Should I always normalise spelling first?
For the great majority of historical English and other vernaculars, yes. Most lemmatisers are trained on modern orthography and stumble on archaic forms. Normalising first, using a variant dictionary or a tool like VARD, lets the lemmatiser do its job. Crucially, keep the original text in a parallel column so you never discard the surface form, which may itself be your evidence later.
Which tools fit which languages?
| Language | Tool | Note |
|---|---|---|
| Early modern English | spaCy + normalisation | normalise variants before lemmatising |
| Latin | CLTK | dedicated classical lemmatiser |
| Ancient Greek | CLTK | handles rich inflection |
| Middle High German | period models / RNN taggers | generic modern tools fail |
The recurring rule is that a model trained on, or adapted to, the right period and language outperforms a general modern one every time.
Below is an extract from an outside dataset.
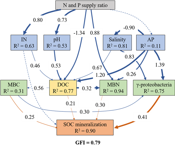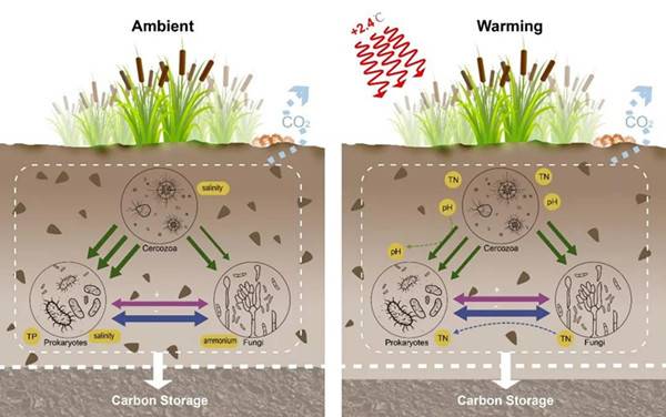 基于增温野外控制试验平台(增温2.4℃),发现6年的持续增温不仅改变了滨海湿地微生物群落的多样性,同时也改变了微生物之间的相互作用关系。真菌对增温表现出较强的耐受能力,这种耐受能力同时稳定了真菌与其他两类微生物之间的联系。另外,跨域网络模块与土壤有机质的负相关关系在增温条件下强化,这可能对土壤碳储存功能造成威胁(Zhou et al. 2021, Global Change Biology)。另外,野外长期氮磷添加控制试验平台5年的监测数据表明,氮磷输入通过提高土壤养分有效性刺激植物生长并改变土壤微生物群落结构,进一步导致土壤中活性有机碳组分(可溶性有机碳(DOC)和微生物生物量碳(MBC))增加,而芳香DOC含量减少,这些变化共同作用影响土壤有机碳矿化作用。其中,当氮磷输入比例为15:1时,土壤有机碳矿化作用最为强烈(Li et al. 2022, Catena)。

When should I not lemmatise at all?
Lemmatisation throws away inflection on purpose, which is sometimes the wrong move. If you are studying rhyme, metre, exact spelling variation, or the evolution of a particular form, lemmatising erases the very thing you care about. Lemmatise when your question is about meaning and frequency ("how often does the concept of love appear"), and leave the text alone when your question is about surface form.
How do I check whether my lemmatisation is any good?
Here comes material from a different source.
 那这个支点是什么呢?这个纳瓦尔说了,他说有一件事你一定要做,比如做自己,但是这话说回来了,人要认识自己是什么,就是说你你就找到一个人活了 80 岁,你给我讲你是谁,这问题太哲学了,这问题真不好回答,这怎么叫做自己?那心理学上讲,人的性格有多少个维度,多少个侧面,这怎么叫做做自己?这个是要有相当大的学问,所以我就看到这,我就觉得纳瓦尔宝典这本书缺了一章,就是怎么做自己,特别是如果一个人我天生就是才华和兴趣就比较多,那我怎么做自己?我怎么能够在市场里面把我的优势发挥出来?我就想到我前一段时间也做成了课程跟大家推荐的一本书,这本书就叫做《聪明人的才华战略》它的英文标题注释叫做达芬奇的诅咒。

Spot-check, do not trust silently. Take fifty random tokens, look at the lemma assigned, and tally how many are correct. If accuracy is poor, the usual fixes are: expand your normalisation dictionary, supply part-of-speech tags so the lemmatiser disambiguates lead (verb) from lead (metal), or switch to a period-appropriate model. A five-minute manual audit catches systematic errors that would otherwise silently distort every downstream count.
Key Takeaways
- Lemmatisation maps inflected forms to a real dictionary headword; stemming just chops endings.
- Historical spelling variation means you normalise first, then lemmatise.
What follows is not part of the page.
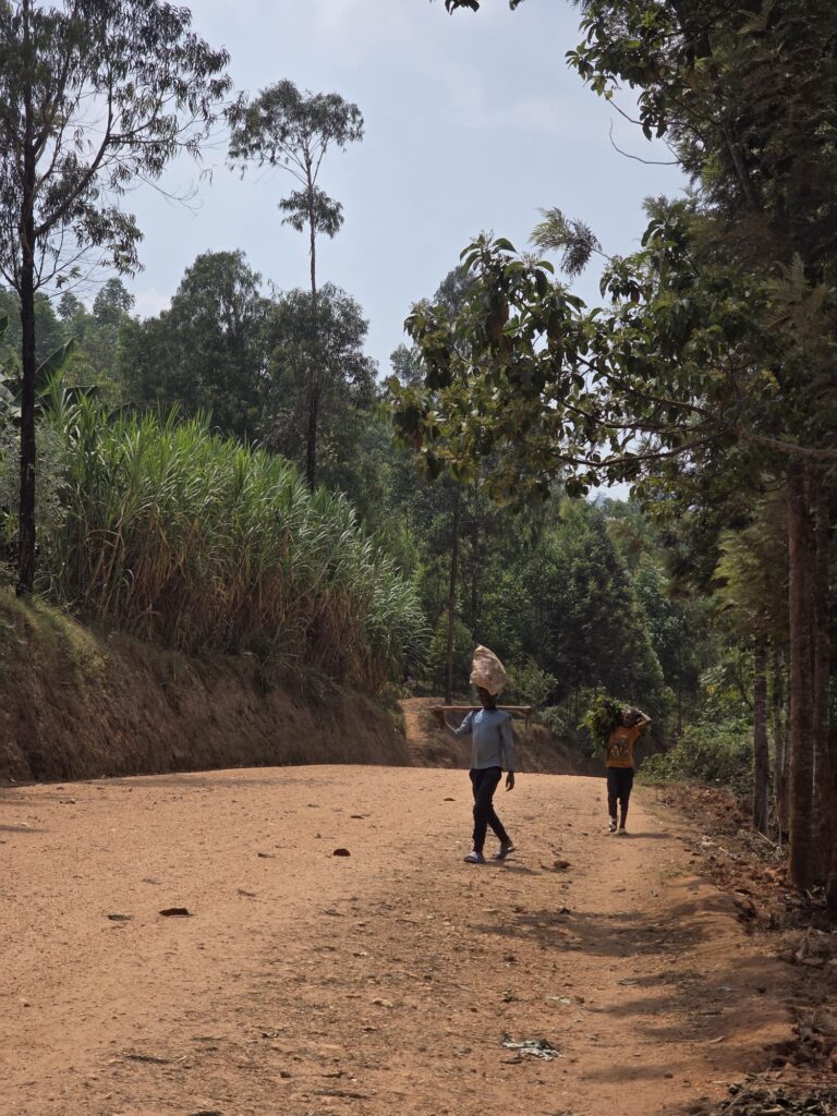 רואנדה נגמרת לנו מהר משחשבנו… היעד היום הוא מוזיאון ארמון המלך. ניאנזה היתה מקום מושבו של המלך עד קץ המלוכה ברואנדה, והיום יש במקום שחזור של הבקתות ומוזיאון. אבל קודם צריך להגיע! גוגל מציע לנו דרך שתמשך שעה וחצי, נשמע בסדר. הדרך החלופית הרבה יותר ארוכה ועושה סיבוב גדול. יוצאים. אופס.. אחרי כמה דקות נסיעה נגמר האספלט. לא נורא- הדרך רחבה ומסודרת- נראה שהכביש הסלול יגיע בקרוב. מסביב ירוק נקי ומקסים כמו תמיד. כפרים קטנים, חקלאות, אופניים. רק שהדרך מתחלפת ( זמנית?) והופכת להיות שביל קצת משובש. לא נורא. תכף יתחלף שוב. תכף. מתי זה תכף?? גדי מאושר- אין בעיה- רק תשחררי את הידים, הילוך שני בלי הרבה גז, ותסתכלי קדימה לבחור איך לנסוע- ממש קלי קלות! אם בכביש אני רוכבת קדימה כדי שהמהירות תהיה בשליטה שלי, בשטח גדי מוביל- נותן הוראות ועצות, ואני משתרכת מאחריו. נפילה קטנה טפשית למדי, ממשיכים. פתאם נראה שחזרנו לדרך הרחבה והטובה, אבל זה לא לאורך זמן, ושוב אנחנו בשביל לא נחמד. זה לא שטח קשה עם אתגרים בלתי אפשריים, אבל מצריך ממני ריכוז ומאמץ קצת יותר מדי. הנשימה כבדה, כולי מכוסה זיעה, אבל הידיים חופשיות כמו שהמדריך מבקש, ומדי פעם אפילו מצליחה לצחוק מתחת לקסדה. שתי עצירות קצרות למנוחה- אחת מהן כשעדר של ילדים רעשניים רודף אחרינו- רק שלא ינסו להחזיק את האופנוע כשעשוע… בסוף- אחרי שעתיים וחצי בלתי נגמרות- אנחנו עולים על הכביש- עוד 3 דקות נסיעה ואנחנו בחניה של הארמון. מצבנו הפיזי הפוך- גדי מחייך ומרוצה עד הגג, אני בקריסה, החולצה רטובה לגמרי, חייבת לשבת!

- A small variant dictionary plus spaCy handles much early modern English.
- Always keep the original surface form beside the normalised text.
- Use period- and language-specific tools (CLTK for Latin/Greek) over generic modern ones.
- Do not lemmatise when surface form, rhyme, or exact spelling is your evidence.
Frequently Asked Questions
What is lemmatisation in plain terms?
Lemmatisation reduces an inflected word form to its dictionary headword, so 'running', 'ran' and 'runs' all become 'run'. Unlike stemming, it returns a real word and uses knowledge of grammar rather than chopping off endings.
Why is lemmatising historical text harder than modern text?
Historical spelling is unstandardised, so 'loue' and 'love' or 'doth' and 'does' look like different words to a modern lemmatiser. You usually normalise spelling first, or use a tool trained on the relevant period and language.
Should I normalise spelling before lemmatising?
Usually yes. Most lemmatisers expect modern orthography, so mapping historical variants to a standard form first dramatically improves accuracy. Keep the original alongside the normalised version so nothing is lost.
What is the difference between stemming and lemmatisation?
Stemming crudely strips suffixes and can produce non-words like 'studi'. Lemmatisation uses a dictionary and part-of-speech information to return a valid headword, which is what most historical analysis needs.
Which tools lemmatise historical English or Latin?
For English, spaCy combined with a normalisation step works for early modern text; for Latin and other classical languages, CLTK provides dedicated lemmatisers. Period-specific models always beat a generic modern one.
Do I always need to lemmatise?
No. If you study exact spellings, rhyme, or surface variation, lemmatising would destroy your evidence. Lemmatise when you want to count meanings rather than forms, such as for topic or frequency analysis.